**Activity**
In the listing below, find the line containing "What a cutie!!!" and the line containing "我部首届手工作品大赛圆满举行". Repeat exactly those two lines and every line between them.

**Exercise inputs**
*** Block opens ***

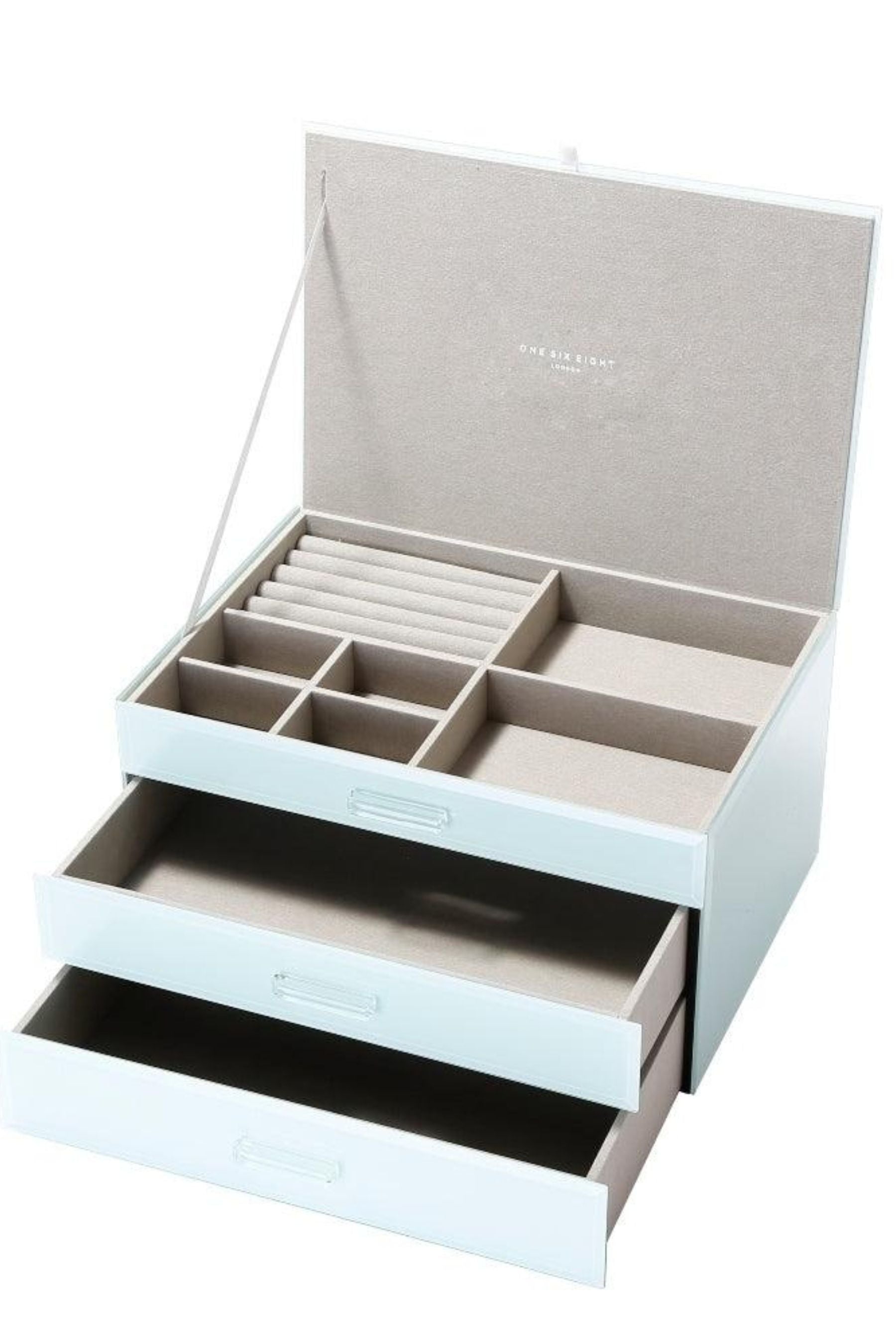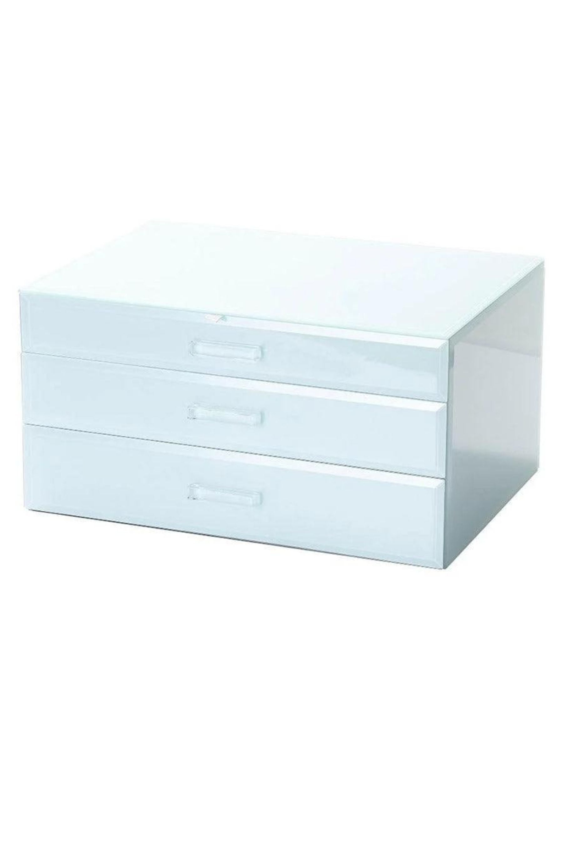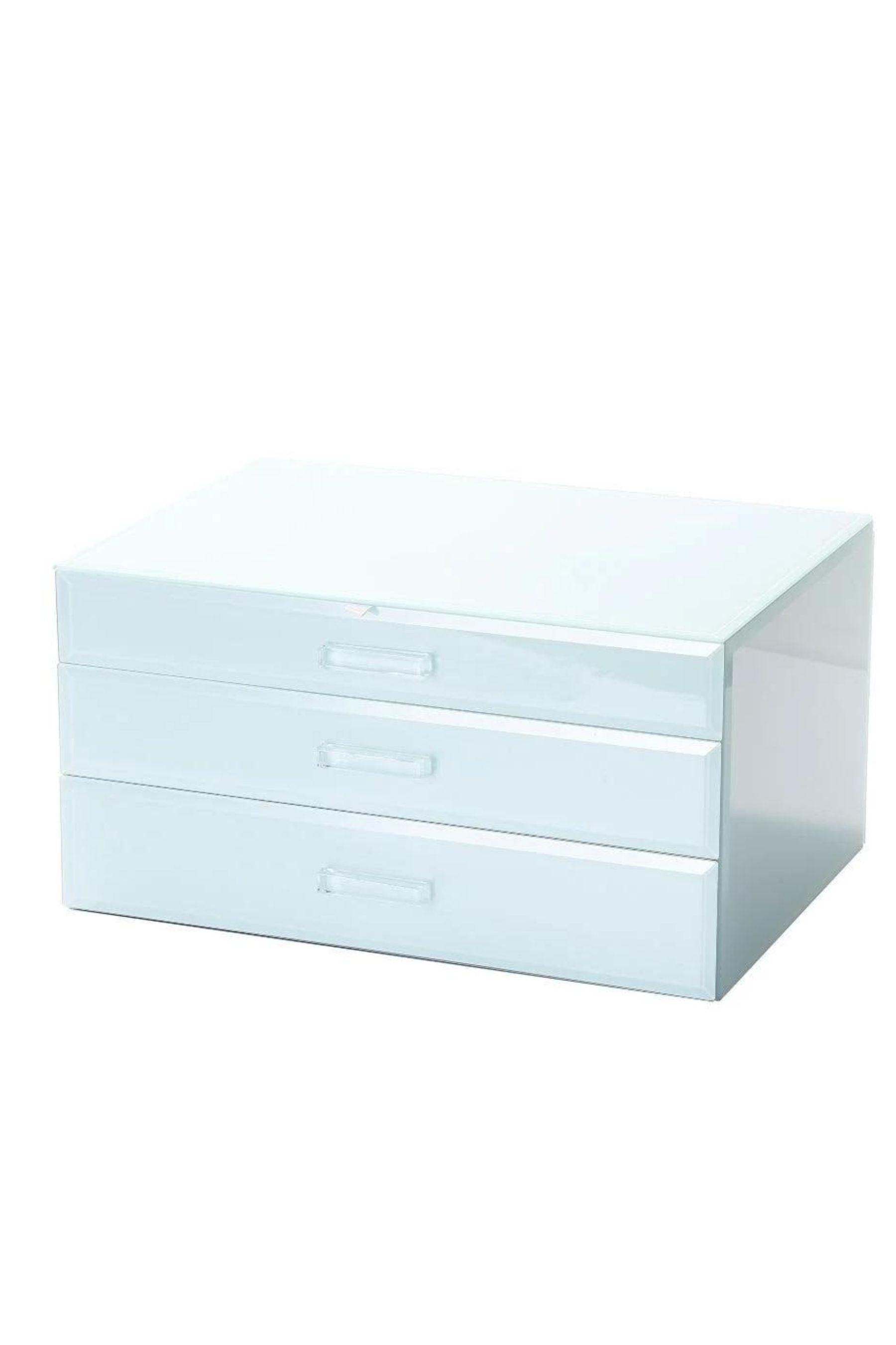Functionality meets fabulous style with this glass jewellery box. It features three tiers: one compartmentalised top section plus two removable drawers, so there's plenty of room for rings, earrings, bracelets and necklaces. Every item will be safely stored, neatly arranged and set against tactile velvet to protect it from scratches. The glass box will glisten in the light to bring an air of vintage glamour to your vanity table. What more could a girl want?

*** Block closes ***
*** Block opens ***

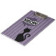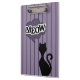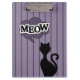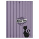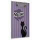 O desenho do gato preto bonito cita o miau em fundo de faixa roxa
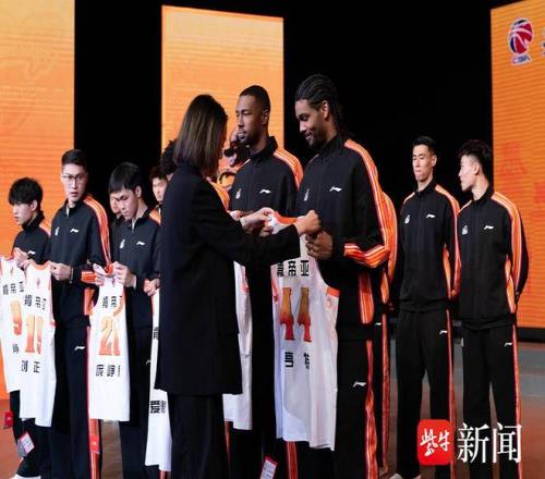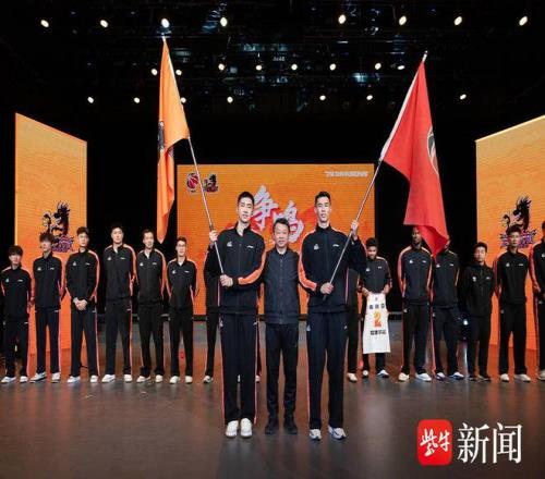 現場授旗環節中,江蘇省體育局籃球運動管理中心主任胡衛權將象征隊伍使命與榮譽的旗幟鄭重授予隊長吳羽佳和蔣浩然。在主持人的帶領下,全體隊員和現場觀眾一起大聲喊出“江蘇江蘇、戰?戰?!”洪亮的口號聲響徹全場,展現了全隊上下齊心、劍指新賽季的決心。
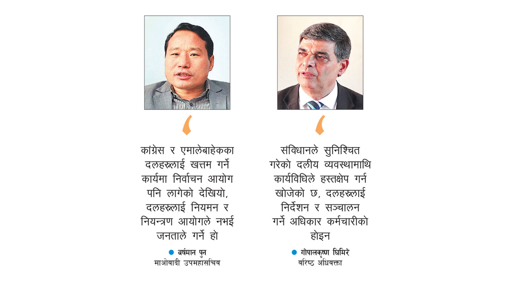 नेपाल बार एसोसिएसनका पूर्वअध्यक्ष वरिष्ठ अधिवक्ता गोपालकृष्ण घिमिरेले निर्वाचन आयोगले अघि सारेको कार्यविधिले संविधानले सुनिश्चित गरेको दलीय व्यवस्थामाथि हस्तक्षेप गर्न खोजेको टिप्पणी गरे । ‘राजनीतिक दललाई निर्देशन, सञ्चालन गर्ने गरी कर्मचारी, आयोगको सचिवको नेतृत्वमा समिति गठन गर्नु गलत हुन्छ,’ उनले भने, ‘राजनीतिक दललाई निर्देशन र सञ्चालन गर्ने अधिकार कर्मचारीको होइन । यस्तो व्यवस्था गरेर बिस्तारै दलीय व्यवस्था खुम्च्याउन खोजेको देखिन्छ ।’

*** Block closes ***
*** Block opens ***

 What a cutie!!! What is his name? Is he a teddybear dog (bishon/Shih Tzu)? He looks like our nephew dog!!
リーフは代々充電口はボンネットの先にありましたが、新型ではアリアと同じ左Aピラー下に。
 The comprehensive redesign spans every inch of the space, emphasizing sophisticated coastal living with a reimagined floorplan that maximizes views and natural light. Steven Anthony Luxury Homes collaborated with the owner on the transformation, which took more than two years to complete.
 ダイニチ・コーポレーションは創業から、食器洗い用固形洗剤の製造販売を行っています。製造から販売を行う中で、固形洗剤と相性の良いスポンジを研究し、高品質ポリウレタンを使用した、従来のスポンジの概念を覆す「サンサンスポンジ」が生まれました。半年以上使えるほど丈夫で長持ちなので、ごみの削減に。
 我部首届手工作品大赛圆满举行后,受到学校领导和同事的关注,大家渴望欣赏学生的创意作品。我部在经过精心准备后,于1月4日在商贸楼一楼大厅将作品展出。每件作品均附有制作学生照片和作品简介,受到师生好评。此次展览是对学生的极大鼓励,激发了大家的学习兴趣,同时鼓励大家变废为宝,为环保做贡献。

*** Block closes ***

**Response area**
 What a cutie!!! What is his name? Is he a teddybear dog (bishon/Shih Tzu)? He looks like our nephew dog!!
リーフは代々充電口はボンネットの先にありましたが、新型ではアリアと同じ左Aピラー下に。
 The comprehensive redesign spans every inch of the space, emphasizing sophisticated coastal living with a reimagined floorplan that maximizes views and natural light. Steven Anthony Luxury Homes collaborated with the owner on the transformation, which took more than two years to complete.
 ダイニチ・コーポレーションは創業から、食器洗い用固形洗剤の製造販売を行っています。製造から販売を行う中で、固形洗剤と相性の良いスポンジを研究し、高品質ポリウレタンを使用した、従来のスポンジの概念を覆す「サンサンスポンジ」が生まれました。半年以上使えるほど丈夫で長持ちなので、ごみの削減に。
 我部首届手工作品大赛圆满举行后,受到学校领导和同事的关注,大家渴望欣赏学生的创意作品。我部在经过精心准备后,于1月4日在商贸楼一楼大厅将作品展出。每件作品均附有制作学生照片和作品简介,受到师生好评。此次展览是对学生的极大鼓励,激发了大家的学习兴趣,同时鼓励大家变废为宝,为环保做贡献。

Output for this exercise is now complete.